Records shown Start Marker

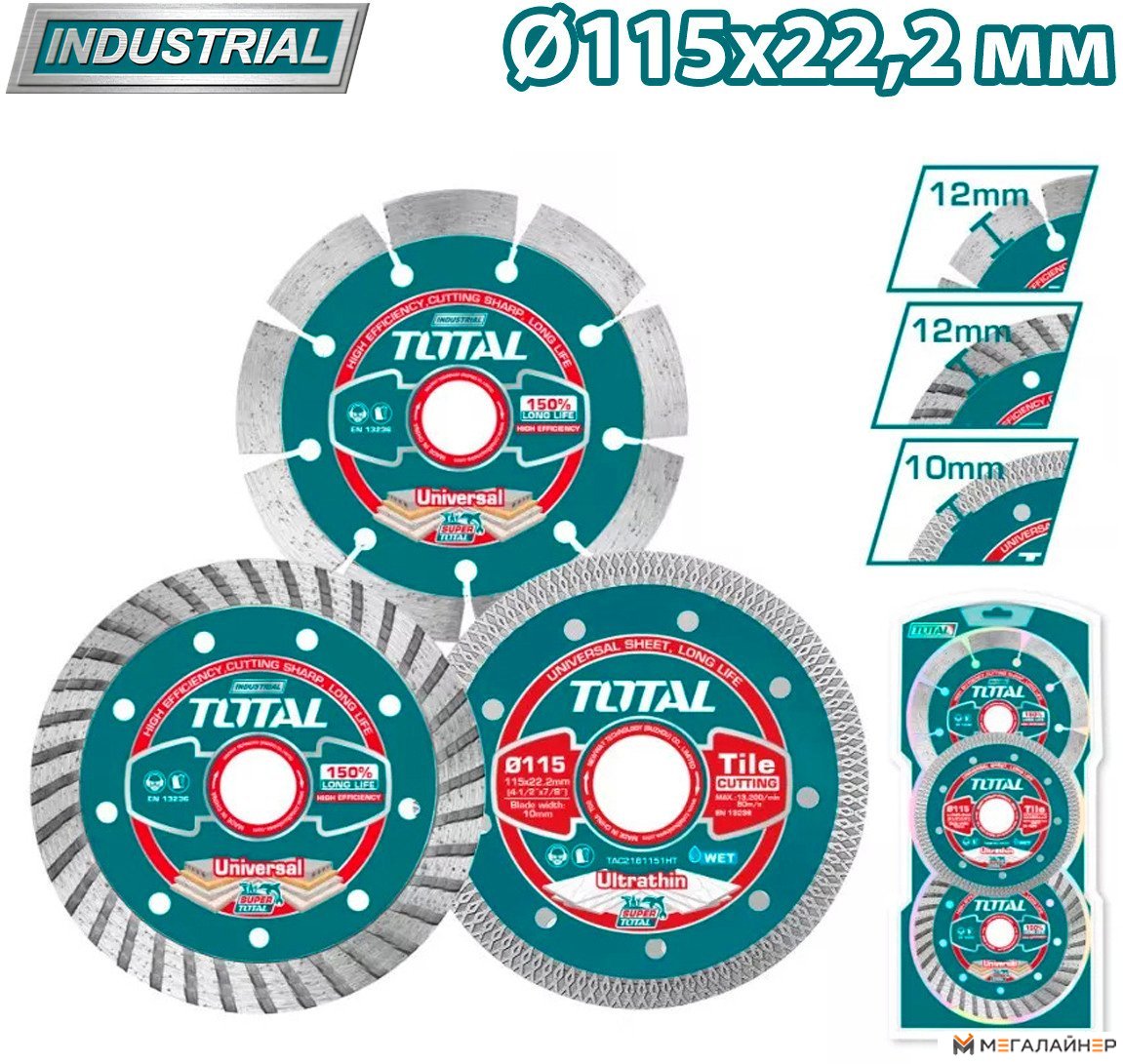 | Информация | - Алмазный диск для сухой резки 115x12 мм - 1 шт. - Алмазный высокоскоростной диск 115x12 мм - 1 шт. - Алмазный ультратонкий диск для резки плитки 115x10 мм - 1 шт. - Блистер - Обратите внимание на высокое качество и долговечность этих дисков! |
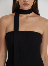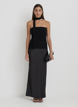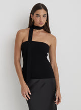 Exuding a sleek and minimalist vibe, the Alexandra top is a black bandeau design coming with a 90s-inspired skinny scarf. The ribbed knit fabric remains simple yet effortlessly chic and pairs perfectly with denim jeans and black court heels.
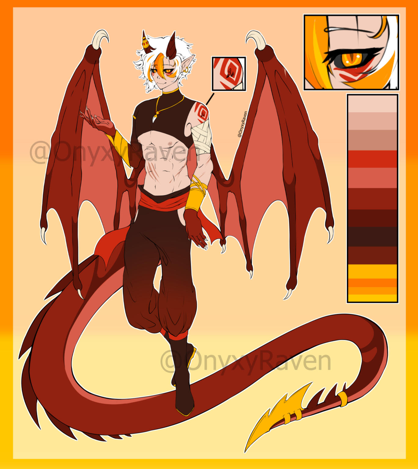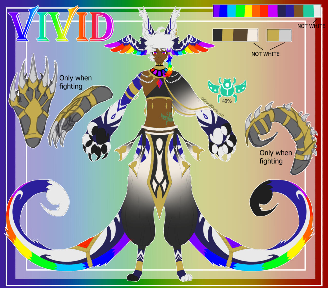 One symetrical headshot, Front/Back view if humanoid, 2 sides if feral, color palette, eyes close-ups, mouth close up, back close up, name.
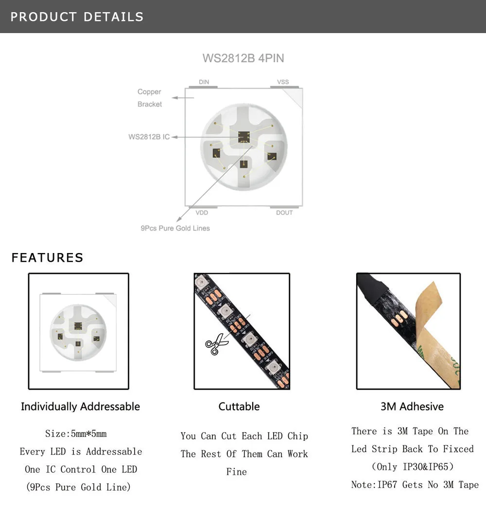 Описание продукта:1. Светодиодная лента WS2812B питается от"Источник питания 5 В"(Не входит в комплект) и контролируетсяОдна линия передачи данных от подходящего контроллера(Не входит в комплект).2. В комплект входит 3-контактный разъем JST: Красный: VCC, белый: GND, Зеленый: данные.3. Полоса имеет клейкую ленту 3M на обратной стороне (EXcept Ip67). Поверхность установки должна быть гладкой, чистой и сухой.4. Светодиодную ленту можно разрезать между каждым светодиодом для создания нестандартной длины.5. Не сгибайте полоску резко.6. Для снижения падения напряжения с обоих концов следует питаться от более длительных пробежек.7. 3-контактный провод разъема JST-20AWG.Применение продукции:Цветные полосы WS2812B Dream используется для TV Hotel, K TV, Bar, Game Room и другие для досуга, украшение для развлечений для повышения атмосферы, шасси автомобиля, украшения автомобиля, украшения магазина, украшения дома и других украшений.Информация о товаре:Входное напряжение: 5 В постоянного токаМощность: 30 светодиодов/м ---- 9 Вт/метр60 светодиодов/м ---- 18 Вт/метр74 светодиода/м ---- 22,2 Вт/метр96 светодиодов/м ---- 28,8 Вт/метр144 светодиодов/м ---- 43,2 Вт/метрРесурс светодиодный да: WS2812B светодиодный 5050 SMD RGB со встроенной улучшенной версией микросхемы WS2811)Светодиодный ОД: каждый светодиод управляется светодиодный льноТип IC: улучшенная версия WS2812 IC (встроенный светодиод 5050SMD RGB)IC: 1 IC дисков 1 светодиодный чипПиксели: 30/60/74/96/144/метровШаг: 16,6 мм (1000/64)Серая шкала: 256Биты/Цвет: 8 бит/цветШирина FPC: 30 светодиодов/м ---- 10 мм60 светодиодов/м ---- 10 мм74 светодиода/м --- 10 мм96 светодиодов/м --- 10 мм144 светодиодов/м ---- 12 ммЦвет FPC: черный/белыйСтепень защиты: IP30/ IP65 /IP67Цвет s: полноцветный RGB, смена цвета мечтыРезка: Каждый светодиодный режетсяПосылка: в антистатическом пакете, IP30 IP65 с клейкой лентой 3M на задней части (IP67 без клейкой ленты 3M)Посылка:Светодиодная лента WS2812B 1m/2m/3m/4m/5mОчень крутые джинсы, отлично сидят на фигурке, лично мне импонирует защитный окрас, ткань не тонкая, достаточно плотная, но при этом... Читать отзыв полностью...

Records shown End Marker
Records shown Start Marker

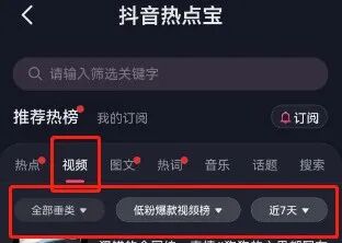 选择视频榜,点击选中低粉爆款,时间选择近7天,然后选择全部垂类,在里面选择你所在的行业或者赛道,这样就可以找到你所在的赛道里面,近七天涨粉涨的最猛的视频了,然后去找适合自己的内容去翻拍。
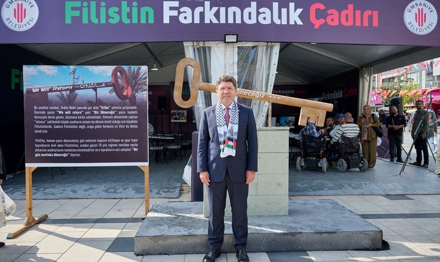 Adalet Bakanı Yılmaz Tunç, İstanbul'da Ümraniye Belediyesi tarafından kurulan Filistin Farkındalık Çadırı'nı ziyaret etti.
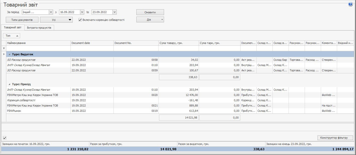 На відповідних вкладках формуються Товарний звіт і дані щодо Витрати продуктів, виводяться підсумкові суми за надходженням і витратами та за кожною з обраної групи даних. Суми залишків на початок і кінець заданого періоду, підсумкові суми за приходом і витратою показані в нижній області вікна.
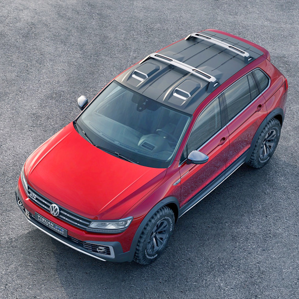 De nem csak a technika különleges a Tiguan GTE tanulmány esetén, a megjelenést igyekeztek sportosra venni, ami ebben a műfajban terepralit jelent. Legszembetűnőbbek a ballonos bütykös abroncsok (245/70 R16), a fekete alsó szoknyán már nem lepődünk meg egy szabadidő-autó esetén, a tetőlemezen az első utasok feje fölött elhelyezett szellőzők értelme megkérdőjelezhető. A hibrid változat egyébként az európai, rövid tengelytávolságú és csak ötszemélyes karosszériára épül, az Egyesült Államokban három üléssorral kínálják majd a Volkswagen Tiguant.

Records shown End Marker

__Task requirements__.
Reproduce the listing above from the line that holds "этих дисков! |" through the line that holds "One symetrical headshot, Front/Back", both included, with the pictures left out.

__Written answer__.
 | Информация | - Алмазный диск для сухой резки 115x12 мм - 1 шт. - Алмазный высокоскоростной диск 115x12 мм - 1 шт. - Алмазный ультратонкий диск для резки плитки 115x10 мм - 1 шт. - Блистер - Обратите внимание на высокое качество и долговечность этих дисков! |
 Exuding a sleek and minimalist vibe, the Alexandra top is a black bandeau design coming with a 90s-inspired skinny scarf. The ribbed knit fabric remains simple yet effortlessly chic and pairs perfectly with denim jeans and black court heels.
 One symetrical headshot, Front/Back view if humanoid, 2 sides if feral, color palette, eyes close-ups, mouth close up, back close up, name.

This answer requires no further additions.